__Assignment__: Without copying any picture, transcribe exactly the lines of the data below from the one containing "This image showcases" through the one containing "图九 十六辆运猪车顺利抵达广三保开平猪场(广东检验检疫局开平临时隔离场)".

┄┄┄┄┄┄

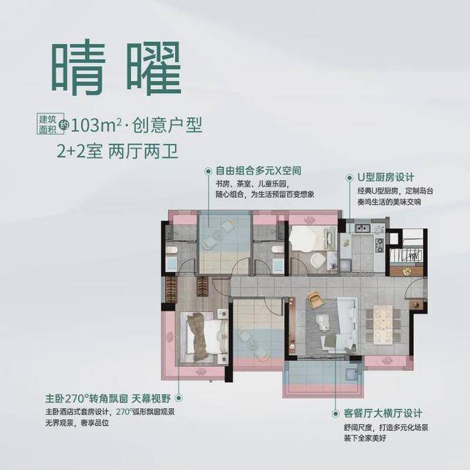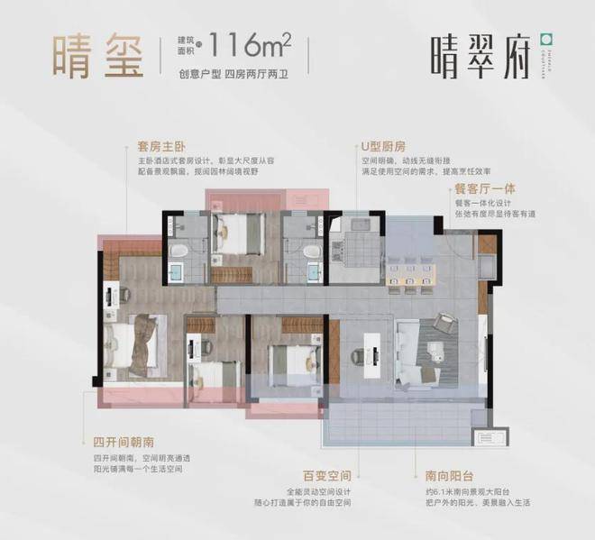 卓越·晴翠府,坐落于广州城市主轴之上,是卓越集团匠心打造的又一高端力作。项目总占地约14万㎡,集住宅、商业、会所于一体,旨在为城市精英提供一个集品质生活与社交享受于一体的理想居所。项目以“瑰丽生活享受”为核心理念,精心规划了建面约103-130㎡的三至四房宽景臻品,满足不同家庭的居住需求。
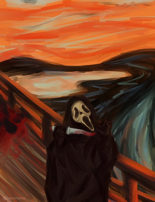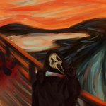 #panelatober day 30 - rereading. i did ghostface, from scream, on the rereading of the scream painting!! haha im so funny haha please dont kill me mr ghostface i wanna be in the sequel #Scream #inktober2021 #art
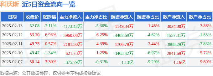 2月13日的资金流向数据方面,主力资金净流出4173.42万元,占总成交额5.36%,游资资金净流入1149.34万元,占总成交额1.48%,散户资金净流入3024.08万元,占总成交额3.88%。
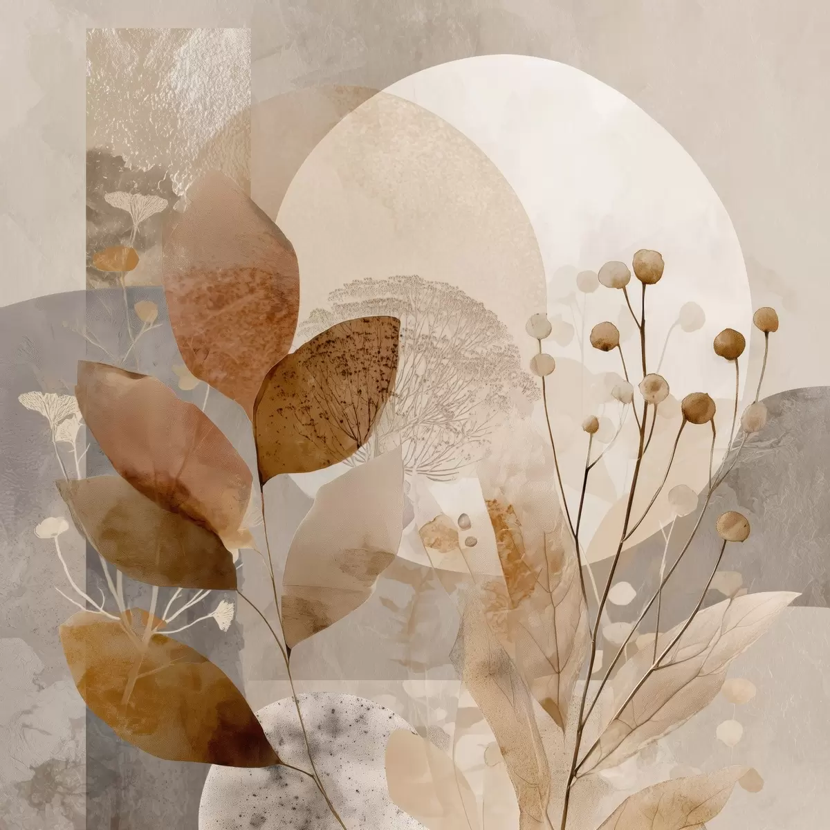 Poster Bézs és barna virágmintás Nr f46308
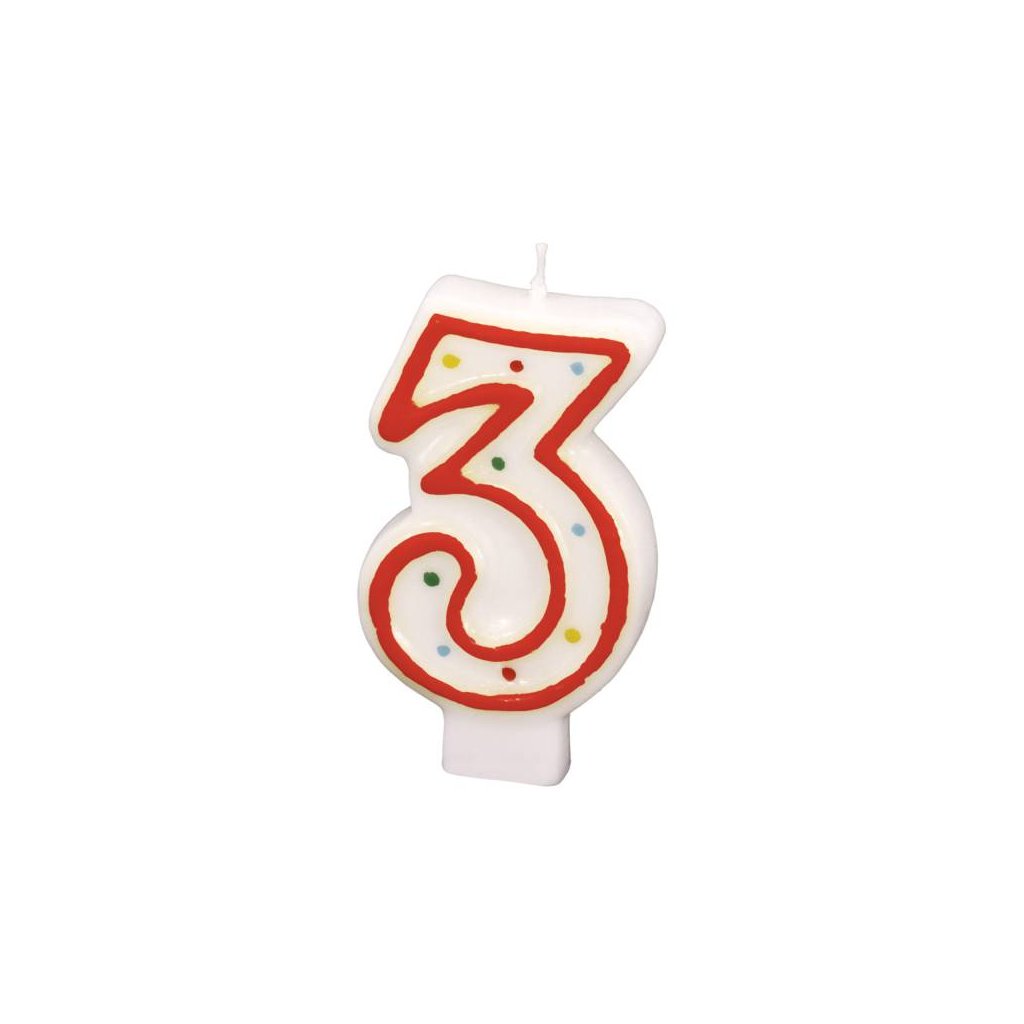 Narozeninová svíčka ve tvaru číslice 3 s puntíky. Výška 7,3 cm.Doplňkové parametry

┄┄┄┄┄┄

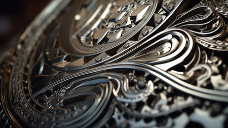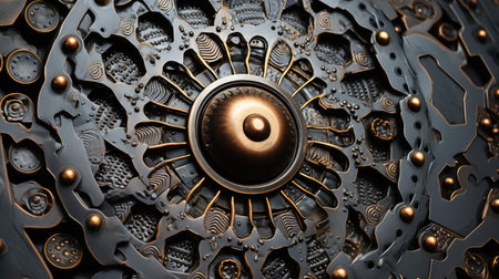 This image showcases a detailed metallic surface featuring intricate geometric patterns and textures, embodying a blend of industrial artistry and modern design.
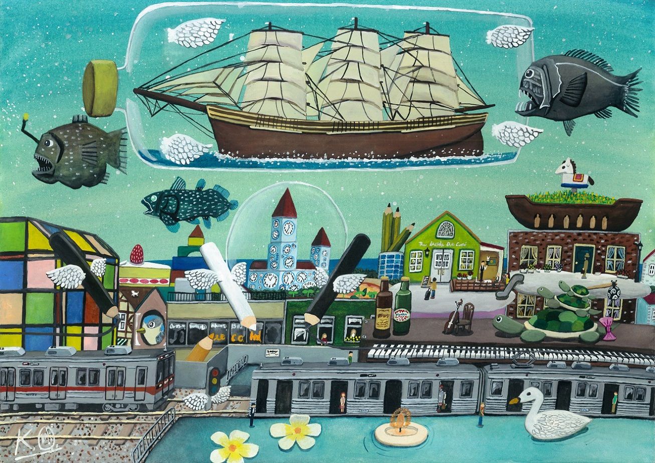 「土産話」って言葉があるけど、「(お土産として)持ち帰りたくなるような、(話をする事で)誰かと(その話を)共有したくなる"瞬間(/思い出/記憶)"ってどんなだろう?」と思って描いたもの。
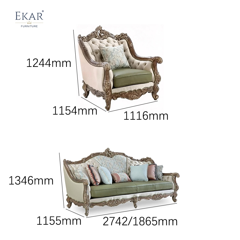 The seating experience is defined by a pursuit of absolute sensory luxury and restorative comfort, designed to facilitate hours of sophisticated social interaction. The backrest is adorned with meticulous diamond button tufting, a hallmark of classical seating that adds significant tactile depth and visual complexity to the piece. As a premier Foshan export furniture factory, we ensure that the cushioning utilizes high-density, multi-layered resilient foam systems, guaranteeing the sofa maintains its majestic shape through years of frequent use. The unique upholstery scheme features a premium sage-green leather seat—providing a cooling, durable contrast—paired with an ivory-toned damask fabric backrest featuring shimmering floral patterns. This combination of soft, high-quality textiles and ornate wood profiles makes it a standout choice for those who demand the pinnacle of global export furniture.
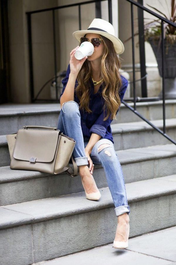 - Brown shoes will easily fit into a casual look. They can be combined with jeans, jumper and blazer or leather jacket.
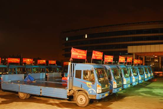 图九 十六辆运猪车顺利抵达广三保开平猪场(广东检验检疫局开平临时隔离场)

┄┄┄┄┄┄

__Result of the task__:
 This image showcases a detailed metallic surface featuring intricate geometric patterns and textures, embodying a blend of industrial artistry and modern design.
 「土産話」って言葉があるけど、「(お土産として)持ち帰りたくなるような、(話をする事で)誰かと(その話を)共有したくなる"瞬間(/思い出/記憶)"ってどんなだろう?」と思って描いたもの。
 The seating experience is defined by a pursuit of absolute sensory luxury and restorative comfort, designed to facilitate hours of sophisticated social interaction. The backrest is adorned with meticulous diamond button tufting, a hallmark of classical seating that adds significant tactile depth and visual complexity to the piece. As a premier Foshan export furniture factory, we ensure that the cushioning utilizes high-density, multi-layered resilient foam systems, guaranteeing the sofa maintains its majestic shape through years of frequent use. The unique upholstery scheme features a premium sage-green leather seat—providing a cooling, durable contrast—paired with an ivory-toned damask fabric backrest featuring shimmering floral patterns. This combination of soft, high-quality textiles and ornate wood profiles makes it a standout choice for those who demand the pinnacle of global export furniture.
 - Brown shoes will easily fit into a casual look. They can be combined with jeans, jumper and blazer or leather jacket.
 图九 十六辆运猪车顺利抵达广三保开平猪场(广东检验检疫局开平临时隔离场)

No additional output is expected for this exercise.